Hyperscale cloud and AI providers are committing over $700 billion in 2026 to expand data center capacity, MSN reported on May 3, citing industry capex forecasts. The figure captures more than server racks and concrete: it includes the cost of keeping chips from melting. At current rack densities, cooling alone can consume 30 to 40 percent of a data center's total energy budget. For facilities running Nvidia H100 or B200 clusters at scale, the difference between air cooling and direct-to-chip liquid cooling is not a marginal optimization. It is the difference between whether a $40,000 GPU operates at its rated thermal design power or throttles to protect itself, burning capital while delivering fewer tokens per second.

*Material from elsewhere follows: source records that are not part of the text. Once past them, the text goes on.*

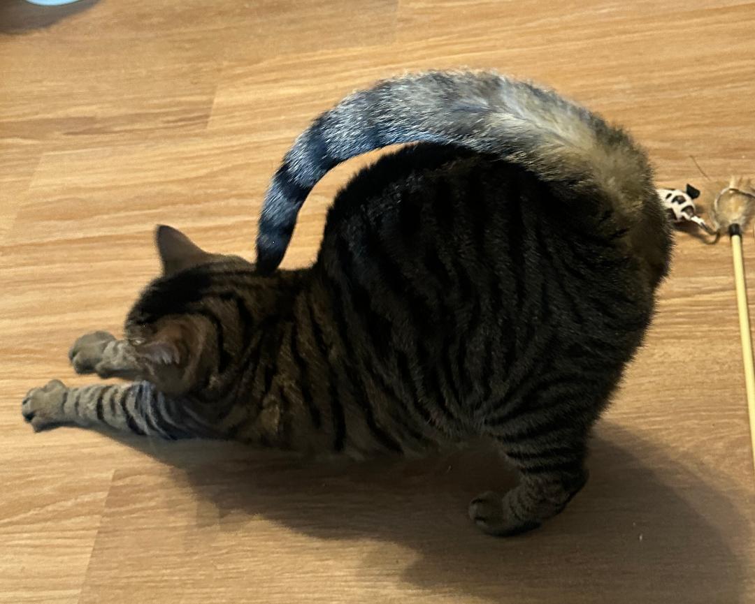 I am a 5 year old gray and black tabby girl and I am still as cute as ever - and affectionate and playful and an all-round great cat. I really love hanging out with adult humans - but not kids or other cats. I will rub against your legs and when you sit down, I will be right there with you. Sometimes, I climb onto your chest for a petting and snuggle session. You can pick me up for a bit but I prefer to move around on my own. I will play with toys like the wand toy, anything with catnip, electronic toys, and I love scratching posts, especially horizontal cardboard ones.
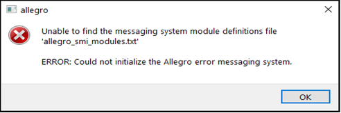 - Error Messaging System: If you get "ERROR:Could not initialize the Allegro error messaging system." - perhaps with reference to messaging system module definitions file 'allegro_smi_modules.txt', it could be that the Cadence env file/environment file is somehow corrupted. Try to delete the env file so that Cadence creates a new one from scratch.
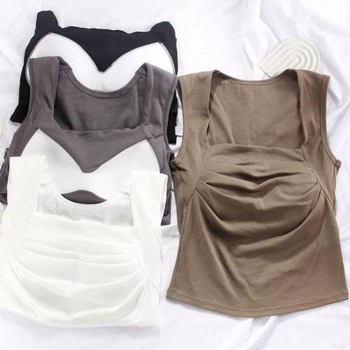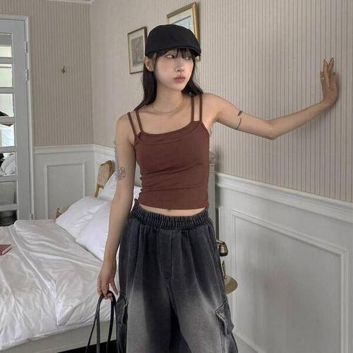 여성 끈 나시 슬림 여성 내장형 패드 더블 스트랩 슬림핏 탱크탑 봄 여름 가을 LCL
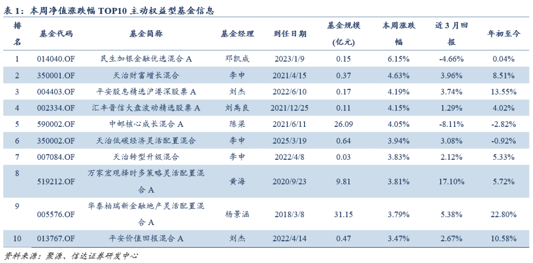 公募基金:金融、周期制造板块ETF净流入。本周主动偏股型基金的净值涨跌幅平均值-3.91%。基金总数为4522,上涨数目为264,占比达到5.84%。其中:净值表现最好的前五只基金分别是民生加银金融优选混合A、天治财富增长混合、平安股息精选沪港深股票A、汇丰晋信大盘波动精选股票A、中邮核心成长混合A,一周净值涨跌幅分别是6.15%、4.63%、4.19%、4.15%、4.05%。
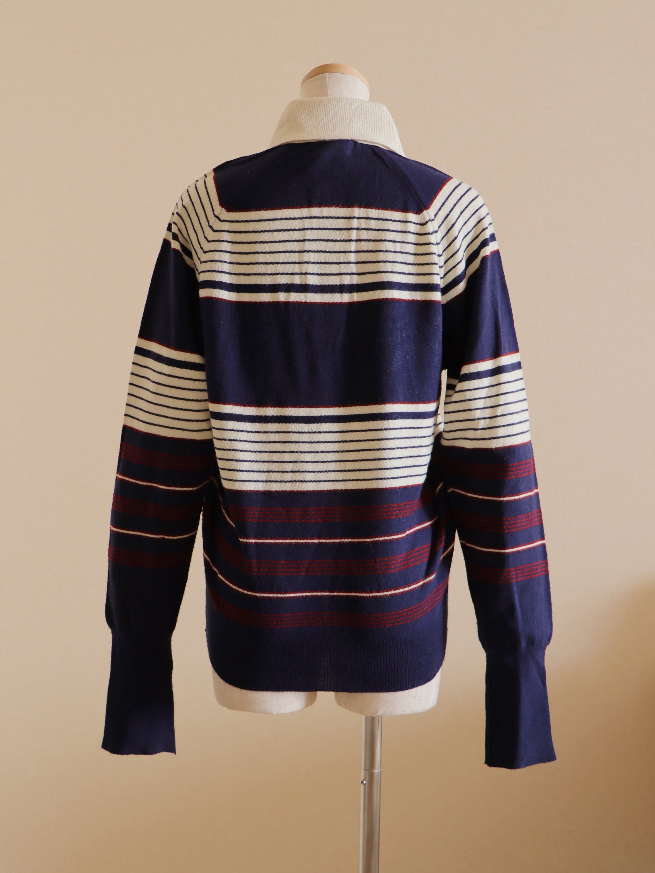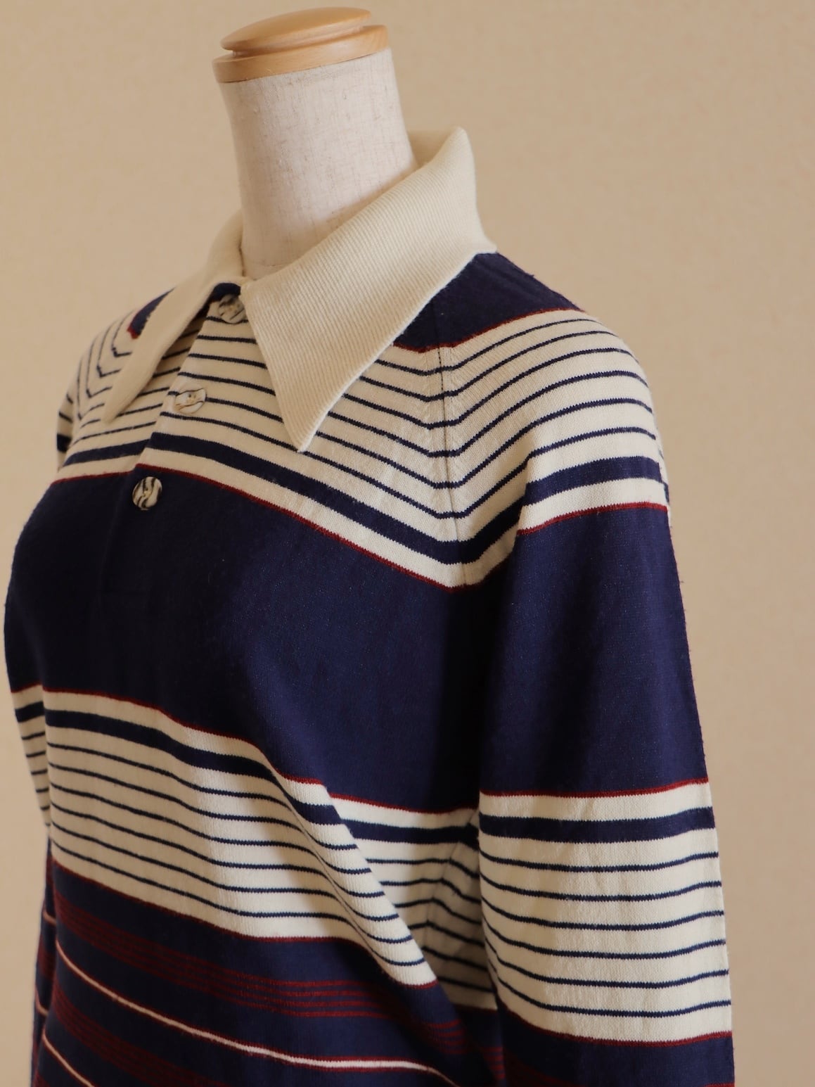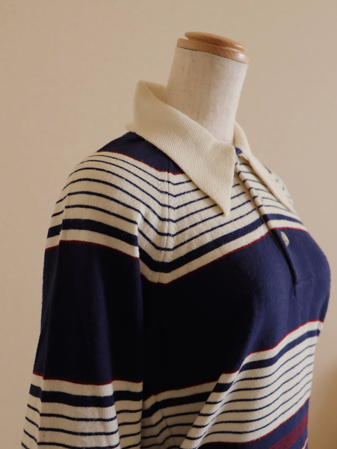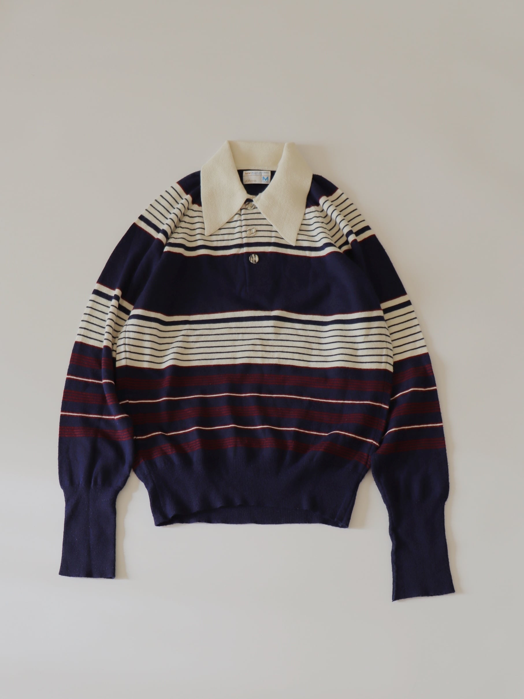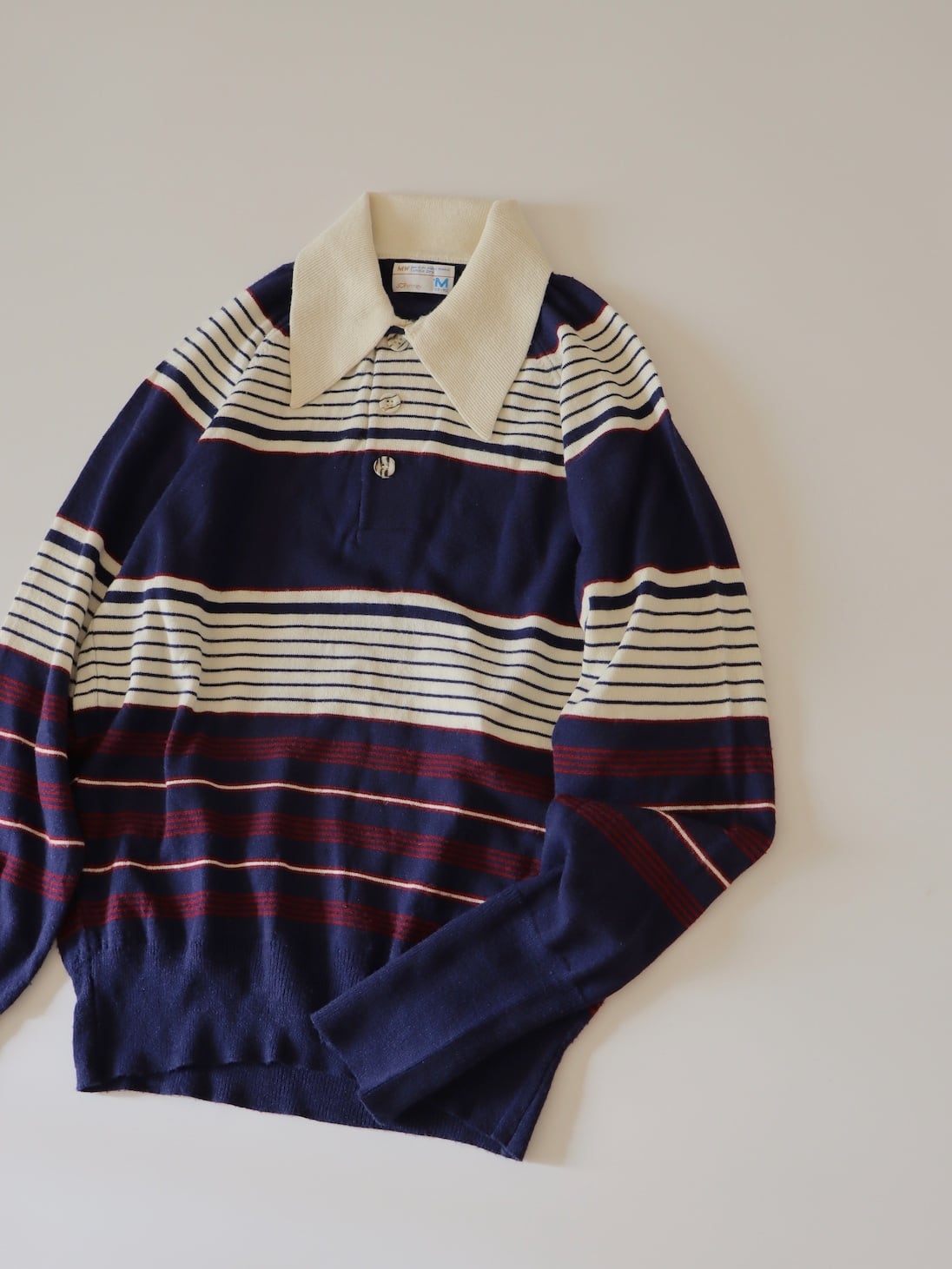 ●70s collared wool design navy & ivory color striped knitted sweater.
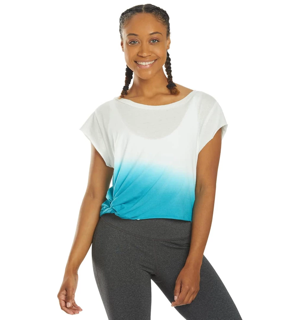 Take a dip in the Free People Hold It Down Dip Dye Yoga Tee, which features a bold blue contrast and slightly cropped hem with knot detail.
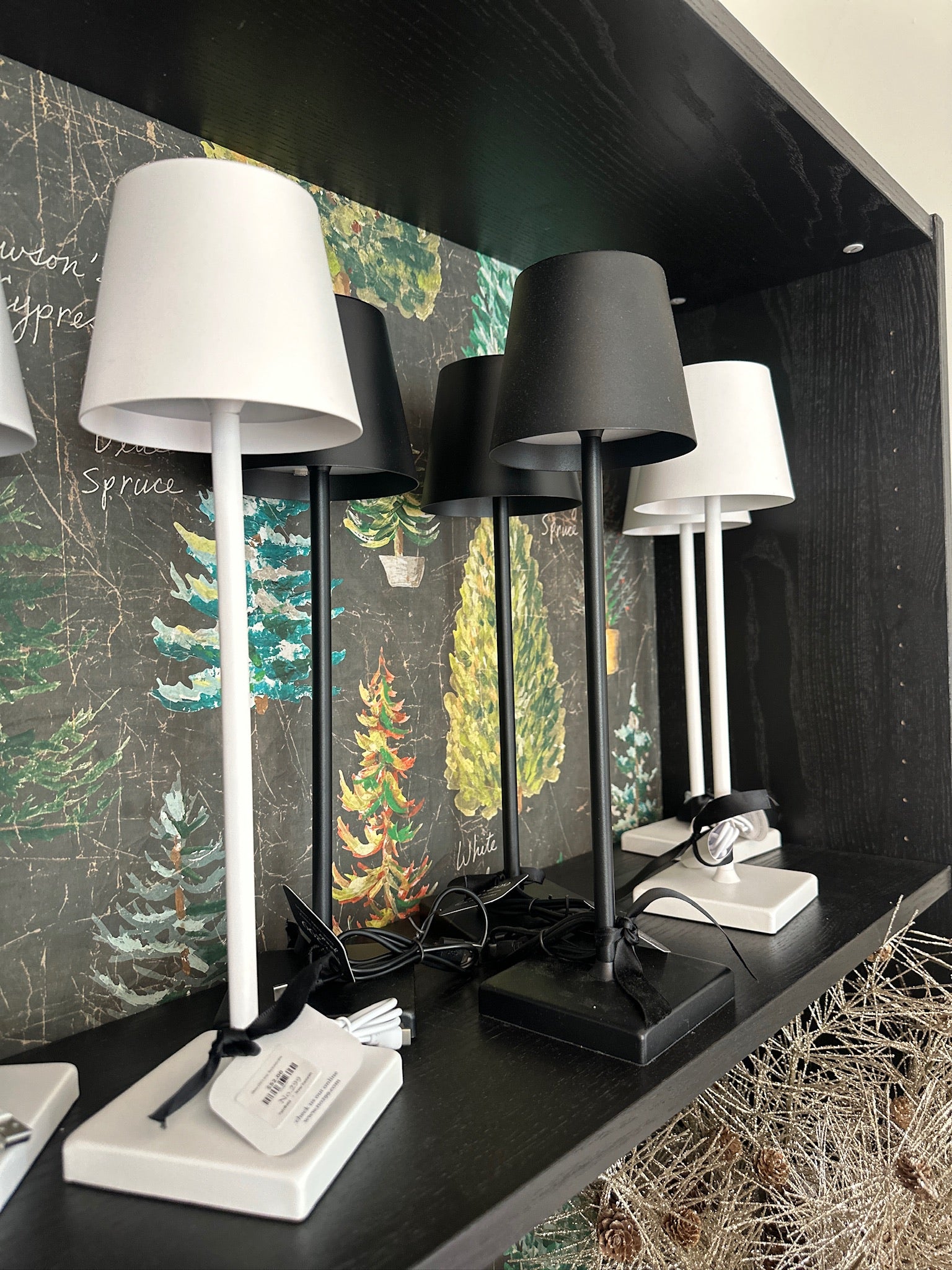 This lamp is lightweight and portable and features long-lasting LED light and a rechargeable battery. Use indoors or carry outside for al fresco dining. This lamp is dimmable and offers three different light modes.
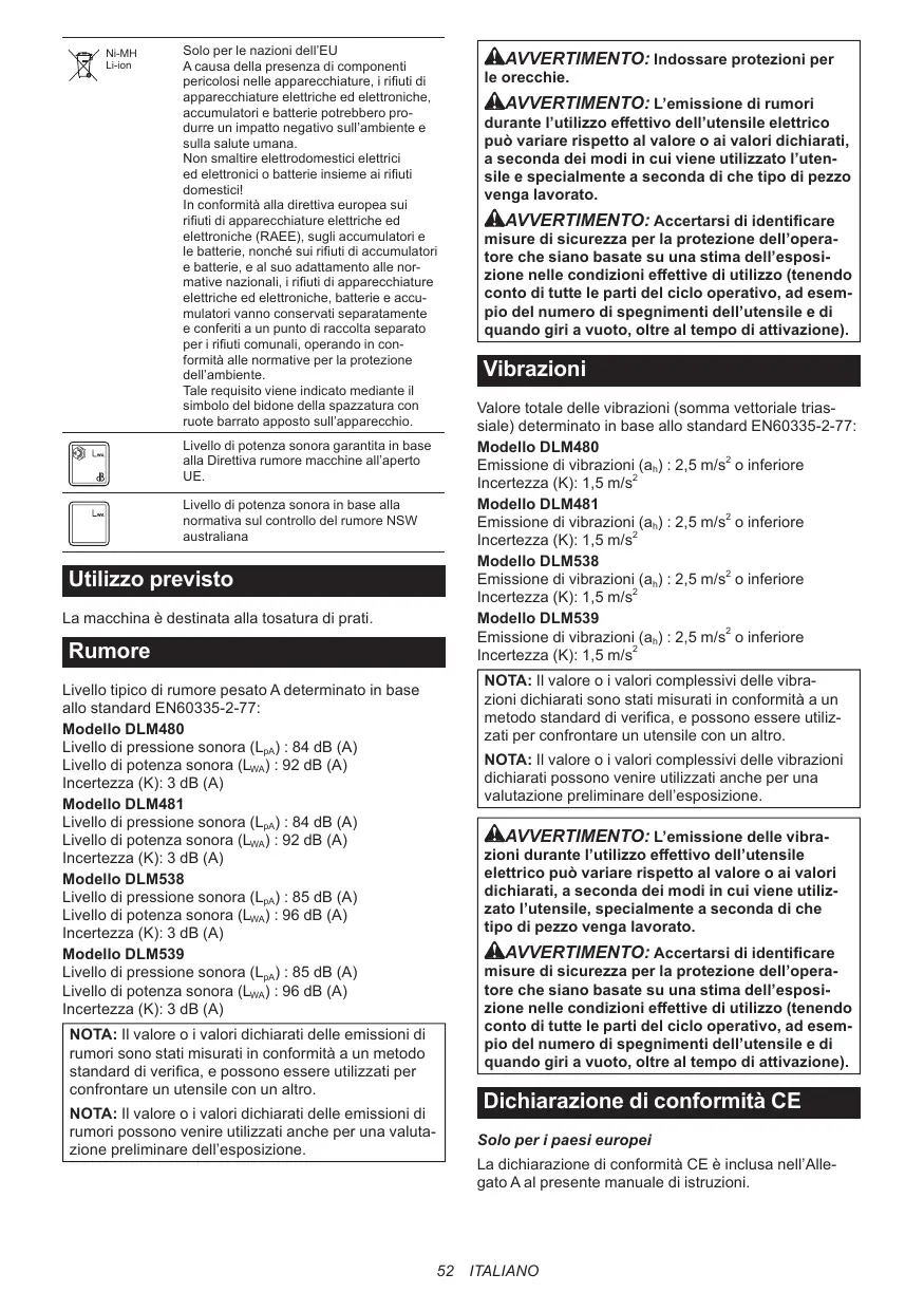 55014-1:2021, EN IEC 55014-2:2021, EN IEC 63000:2018. The conformity assessment procedure required by Directive 2000/14/EC was in accordance with Annex VI. Model DLM480, DLM481 60335-1:2012+A11:2014+A13:2017, EN 60335-2-77:2010, EN 62841-1:2015 Annexe K, EN IEC 55014-1:2021, EN IEC 55014-2:2021, EN IEC 63000:2018. La procédure d’évaluation de la conformité requise par la Directive 2000/14/EC a été réalisée en conformité avec l’Annexe VI. Modèle DLM480, DLM481 - Niveau de puissance acoustique mesuré : 92,6 dB(A), - Niveau de puissance acoustique garanti : 95 dB(A). 55014-2:2021, EN IEC 63000:2018. La procedura di determinazione della conformità richiesta dalla Direttiva 2000/14/EC è st a t a e se g u i t a co n f o r m e m e n t e all’Allegato VI. Modello DLM480, DLM481 - Livello di potenza sonora misurato: 92,6 dB(A), EN 60335-1:2012+A11:2014+A13:2017, EN 60335-2-77:2010, EN 62841-1:2015 Aanhangsel K, EN IEC 55014-1:2021, EN IEC 55014-2:2021, EN IEC 63000:2018. De conformiteitsbeoordelingsprocedure vereist door Richtlijn 2000/14/EC was in overeenstemming met Aanhangsel VI. Model DLM480, DLM481 - Gemeten geluidsvermogenniveau: 55014-2:2021, EN IEC 63000:2018. O procedimento de avaliação da conformidade exigido pela Diretiva 2000/14/EC estava conforme o anexo VI. Modelo DLM480, DLM481 - Nível de potência sonora medido: 55014-2:2021, EN IEC 63000:2018. El procedimiento de valoración de conformidad requerido por la Directiva 2000/14/EC h a si d o r e a l i za d o d e a cu e r d o co n e l Anexo VI. Modelo DLM480, DLM481 - Nivel de potencia de sonido medido:
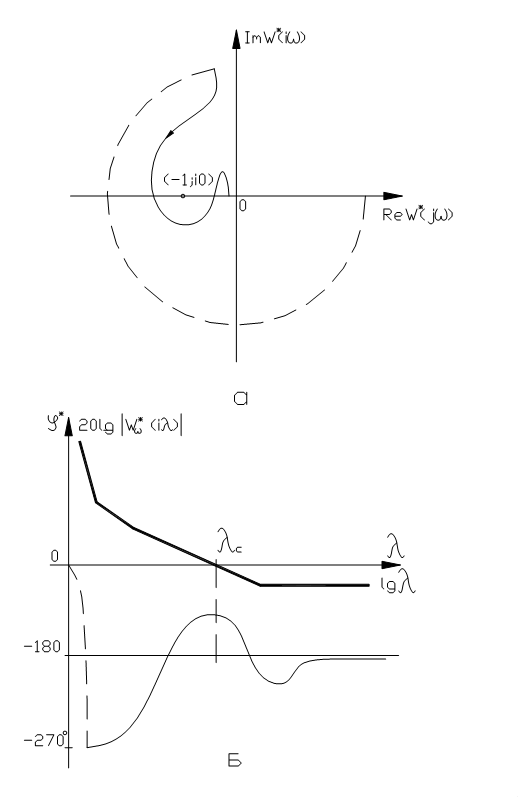 Пусть, например Z -передаточная функция разомкнутой системы имеет полюс z=1 третьего порядка. АФЧХ и псевдочастотные ЛАФЧХ такой системы представлены на рис.29,а,б, где
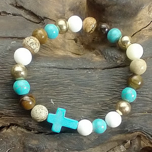 Enhance your inner calm and confidence with the powerful Turquoise Cross Howlite and Tiger Eye chakra bracelet. Soothing and calming Howlite is known for reducing anxiety, tension, and stress, while...
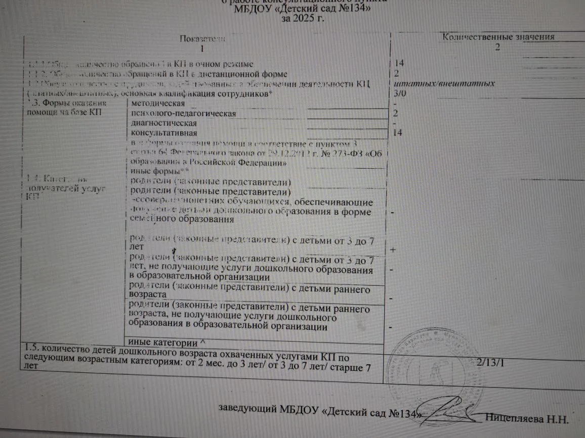 Отчет о работе консультационного пункта МБДОУ “Детский сад №134” за 3 месяца (январь-март 2025)
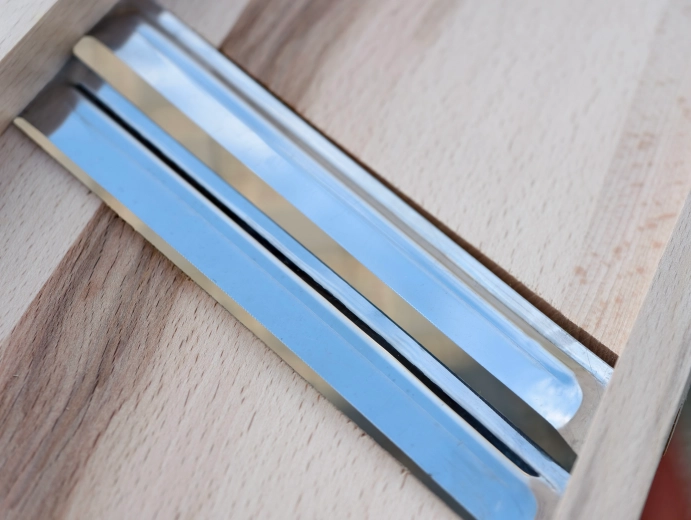 - Masiven naravni les, nerjavna jekla (noži)

The data center cooling market is projected to reach $46.3 billion by 2033, expanding at a compound annual growth rate of 19.2 percent, according to Persistence Market Research, which published updated figures on April 28. That growth rate is not driven by incremental demand from traditional enterprise colocation. It is driven by AI training clusters where a single rack can draw 40 to 70 kilowatts, and next-generation deployments are pushing past 100 kilowatts per rack. Air cooling, which dominated data center design for three decades, tops out around 20 to 25 kilowatts per rack before supplemental techniques become mandatory. The thermal math imposes a hard ceiling.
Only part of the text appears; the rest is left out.